# Meine Games gehen alle nicht mehr ???



## DM Design (14. August 2010)

Tag liebe Community,

Folgendes Problem wenn ich ein Game starte funktionierts meistens 5-10 min dann hängts sich auf Bild bleibt stehen den Ton höhre ich noch mach kann ich nix mehr außer den PC abstürtzen zu lassen !

Aja mein System:

i7 930
GTX 470
6GB 1666 Mhz RAM

Getestet hab ichs mit Crysis, Sniper Ghost Warrior, Mafia II Demo angefangen hats mit der Demo aber die ist zuerst auch gut gelaufen ???

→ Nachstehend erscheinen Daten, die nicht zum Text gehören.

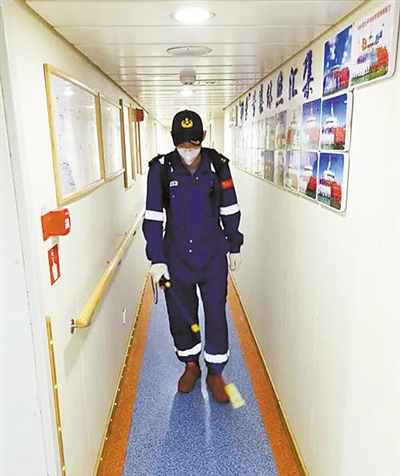 下圖 “科學”號科研人員進行船艙內(nèi)消毒。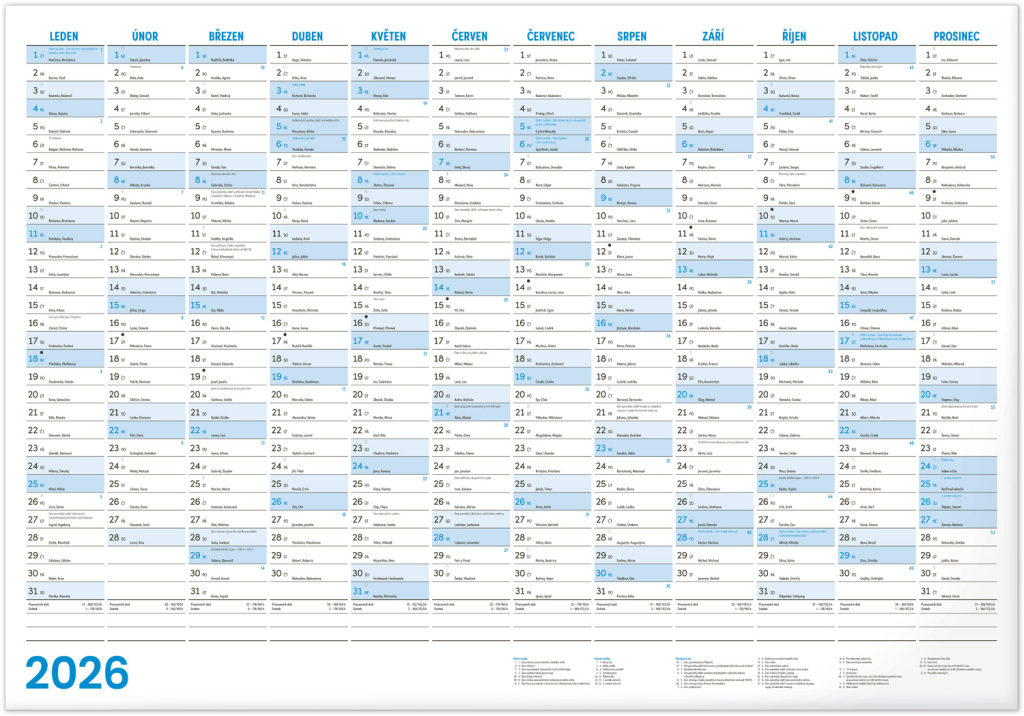 Praktický roční kalendář pro rychlé zaznamenání a vyhledání poznámky. Obsahuje kalendárium s českými jmény a světovými svátky na bílém pozadí. Zakupte produkt Roční kalendář 2026 NOTIQUE A2, 59,4 x 42 cm z kategorie Kalendáře, diáře | Nástěnné kalendáře 2026 | Tříměsíční a jednolisté nástěnné kalendáře 2026 od výrobce Presco Group za cenu 57 Kč.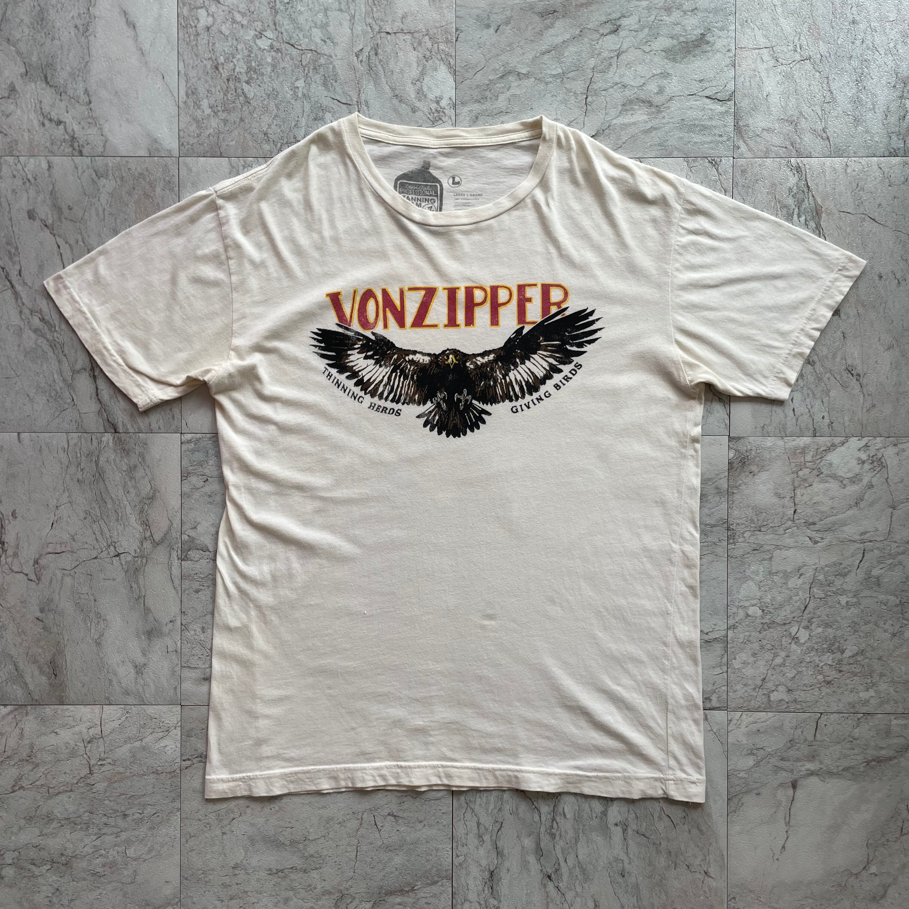 イーグルのプリントが施された白Tに淡い色のデニムを合わせたアメカジスタイル。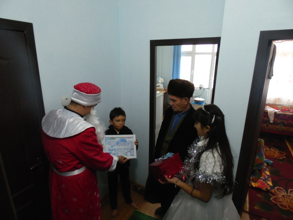 Шундан сўнг маънавий-маърифий тадбир ташкилотчилари Ўзбекистон Республикаси Вазирлар Маҳкамасининг 2010 йил 2 августдаги 164-сонли Қарори ҳамда “Етим ва ота-она қарамоғидан маҳрум бўлган болаларни турар жойлар билан таъминлаш тўғрисида”ги Низомга асосан, Меҳрибонлик Уйида тарбияланган, айни пайтда давлатимиз томонидан уй-жой билан таъминланган ёш оилалар хонадонларига бўлишиб, байрам совғаларини улашишди.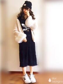 ぴょんのカーディガン/ボレロ「シャギースリーブ畦編みカーディガン ◆」を使ったコーディネート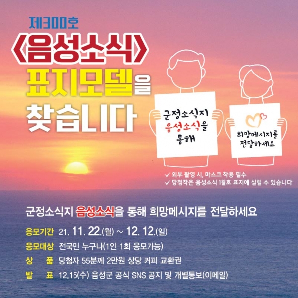 [충청뉴스큐] 충북 음성군이 전 국민을 대상으로 ‘음성소식’ 제300호 발행 기념 ‘SNS 희망메시지 이벤트’를 오는 12일까지 진행한다.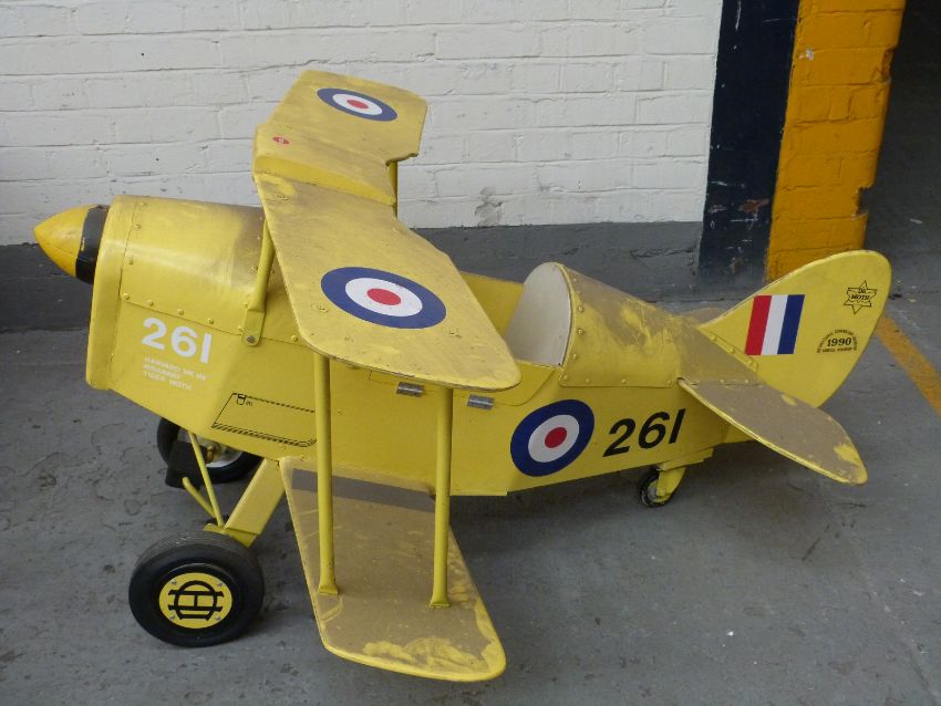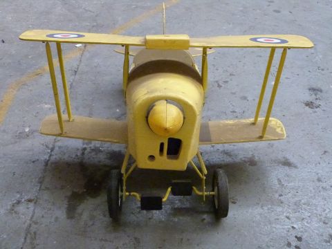 A child's pedal car in the form of a vintage biplane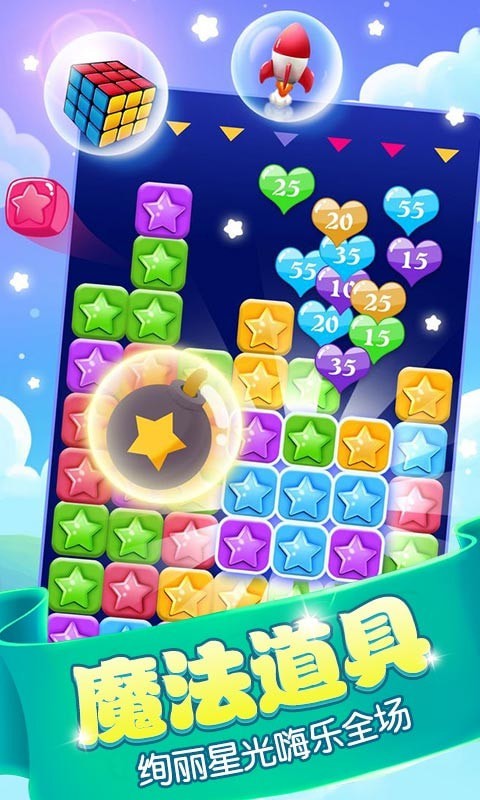 3.精美界面,视觉享受:五彩缤纷的星星搭配悦耳的音效,为玩家打造了一个视觉与听觉兼具的休闲环境,让人在压力之余找到放松的乐趣。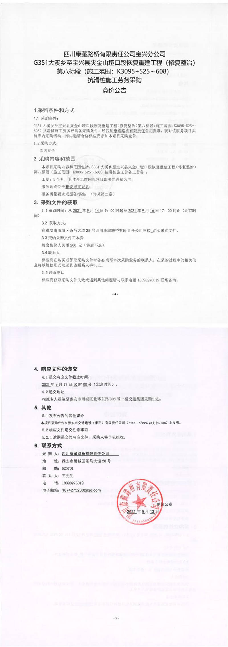 四川康藏路橋有限責(zé)任公司寶興分公司G351大溪鄉(xiāng)至寶興縣夾金山埡口段恢復(fù)重建工程(修復(fù)整治)第八標(biāo)段(施工范圍:K3095+525-608)抗滑樁施工勞務(wù)采購競(jìng)價(jià)公告

Aja das einzige was gelaufen ist war Splinter Cell 1-4 

BITTE um HILFE !!!!!

Danke schon mal für eure Hilfe DM


----------



## ATi-Maniac93 (14. August 2010)

Was hast du für ein Betriebssystem?
Ich schätze mal Win7, weil dort immer genau diese Probleme auftauchen 

Das Problem tritt bei vielen ATi Karten auf, dies ist dann allerdings ein Fehler in der GPU, bei Nvidia wird es ähnlich sein, ich hab selbst ne GTX 260, und habe diese Probleme unter Win7, seitdem zocke ich nicht mehr. 

Versuch mal:
Windows Updaten
Neue Treiber
VSync anschalten 

Hier hatten das Problem über 30 Leute, auch wenn bei manchen streifen sind, ich hatte selbst Erfahrung mit der HD 5K Serie von ATi.
Kannst auch mal probieren Die Karte runterzutakten.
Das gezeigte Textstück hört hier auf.